Хорошо, если найдется трибун, чей голос укажет строй – порядок человеческой стихии, если есть общая цель – крепость, которую нужно взять, Бастилия, которую нужно разрушить. Тогда муравейник, разрыхленный палкой, превращается в стройную систему сосудов, бегущих к центру, где все должно разрешиться, где должно произойти событие.
В трагический день девятого января – эта величественная массовая постановка обошлась без центра, без события; людские толпы не докатились до Дворцовой площади.
Петербургским рабочим не пришлось встретиться с царем, массовое движение, задуманное по строго определенному плану, было обезглавлено волей истории, и ни один из актеров великого дня не выполнил указаний режиссера – не дошел до огромной, как озеро, подковообразной площади с мраморным столпником?Ангелом в середине.
Сколько раз разбивалась процессия петербургских рабочих, докатившись до последней роковой заставы, сколько раз повторялась мистерия девятого января? Она разрослась одновременно во всех концах великого города – и за Московской, и за Нарвской заставой, и на Охте, и на Васильевском, и на Выборгской…
Вместо одного грандиозного театра получилось несколько равноправных маленьких.

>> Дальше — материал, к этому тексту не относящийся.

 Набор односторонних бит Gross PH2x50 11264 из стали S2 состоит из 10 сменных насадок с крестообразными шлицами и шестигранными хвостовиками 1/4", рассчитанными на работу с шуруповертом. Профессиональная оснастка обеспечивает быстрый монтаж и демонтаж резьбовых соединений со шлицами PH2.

И каждый из них справился самостоятельно со своей задачей: обезглавливаньем веры в царя, цареубийственным апофеозом, начертанным кровью на снегу.
Любая детская шапочка, рукавичка или женский платок, жалко брошенный в этот день на петербургских снегах, оставались памяткой того, что царь должен умереть, что царь умрет.

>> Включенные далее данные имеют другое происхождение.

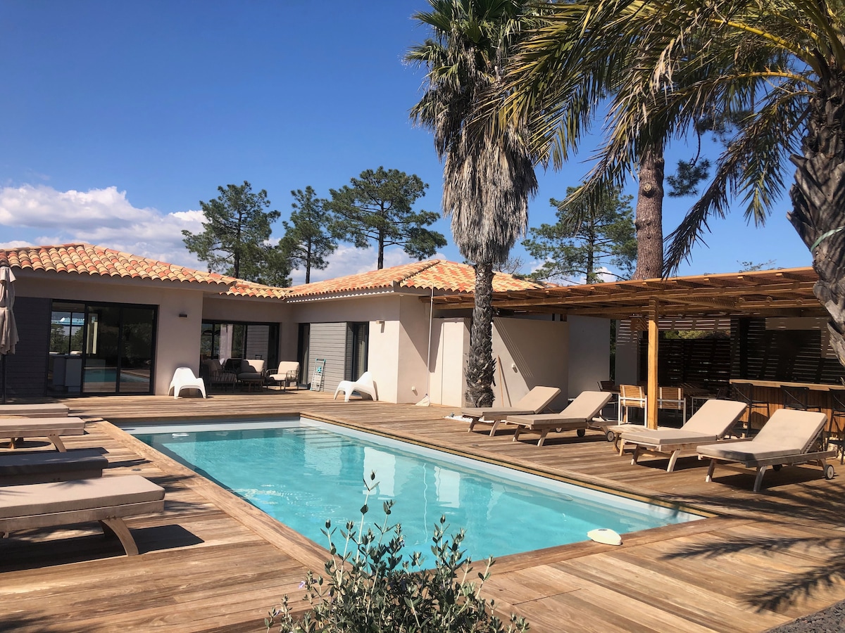 Βίλα σε ένα επίπεδο210τ.μ. κλιματιζόμενη. Μεγάλη ασφαλής και θερμαινόμενη πισίνα με πισίνα στην παραλία. Νέα φωτεινή βίλα, πολυτελείς παροχές σε ένα ιδιωτικό και ήσυχο κτήμα, τεράστιο σαλόνι 100 τ.μ. 4 σουίτες όλες κλιματιζόμενες με το μπάνιο τους να έχουν όλη την ιδιωτική βεράντα τους, συμπεριλαμβανομένων 2 με θέα στην πισίνα. Μεγάλη βεράντα με χώρο ανάπαυσης σε μια κλειστή και δασώδη έκταση. Βίλα εξοπλισμένη με WiFi και δορυφορική τηλεόραση. Ενοικιάσεις από Σάββατο έως Σάββατο!

Может, во всей летописи русской революции не было другого такого дня, столь насыщенного содержанием, как 9?е января. Сознание значительности этого дня в умах современников перевешивало его понятный смысл, тяготело над ними как нечто грозное, тяжелое, необъяснимое.

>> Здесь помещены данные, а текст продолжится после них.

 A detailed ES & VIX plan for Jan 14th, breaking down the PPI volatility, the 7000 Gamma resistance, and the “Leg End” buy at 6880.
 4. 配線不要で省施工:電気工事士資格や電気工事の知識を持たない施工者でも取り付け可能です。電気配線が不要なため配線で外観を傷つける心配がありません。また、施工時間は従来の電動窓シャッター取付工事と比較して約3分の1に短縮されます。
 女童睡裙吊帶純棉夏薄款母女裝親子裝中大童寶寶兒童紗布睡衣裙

Урок девятого января – цареубийство – настоящий урок трагедии: нельзя жить, если не будет убит царь. Девятое января – трагедия с одним только хором, без героя, без пастыря. Гапон стушевался: как только началось действие, он был уже ничем, он был уже нигде. Столько убитых, столько раненых – и ни одного известного человека (только профессору Тарле поранило голову саблей – единственная знаменитость). Хор, забытый на сцене, брошенный, предоставленный самому себе. Кто знает законы греческой трагедии, тот поймет – нет более жалкого, более раздирающего, более сокрушительного зрелища. В ту самую минуту вспыхнула вся трагическая глубина сознания народных масс, ‹когда› засвистели пули, люди бросились врассыпную, попадали на землю в зверином страхе, забывая друг о друге.
Характерно, что никто не слышал сигнальных рожков перед стрельбой. Все отчеты говорят, что их прослышали, что стреляли как бы без предупреждения. Никто не слышал, как прозвучал в морозном январском воздухе последний рожок императорской России – рожок ее агонии, ее предсмертный стон. Императорская Россия умерла как зверь – никто не слышал ее последнего хрипа.
Девятое января – петербургская трагедия; ‹она› могла развернуться только в Петербурге, – его план, расположение его улиц, дух его архитектуры оставили неизгладимый след на природе исторического события. Девятое января не удалось бы в Москве. Центростремительная тяга этого дня, правильное движение по радиусам, от окраины к центру, так сказать, вся динамика девятого января обусловлена архитектурно?историческим смыслом Петербурга.
Архитектурная идея Петербурга неизбежно приводит к представлению мощного центрального единства. Всеми своими улицами, облупленными, желтыми и зелено?серыми, Петербург естественно течет в мощный гранитный водоем Дворцовой площади, к красной подкове зданий, рассеченной надвое глубокой меднобитной аркой с взвившейся на дыбы ристалищной четверней.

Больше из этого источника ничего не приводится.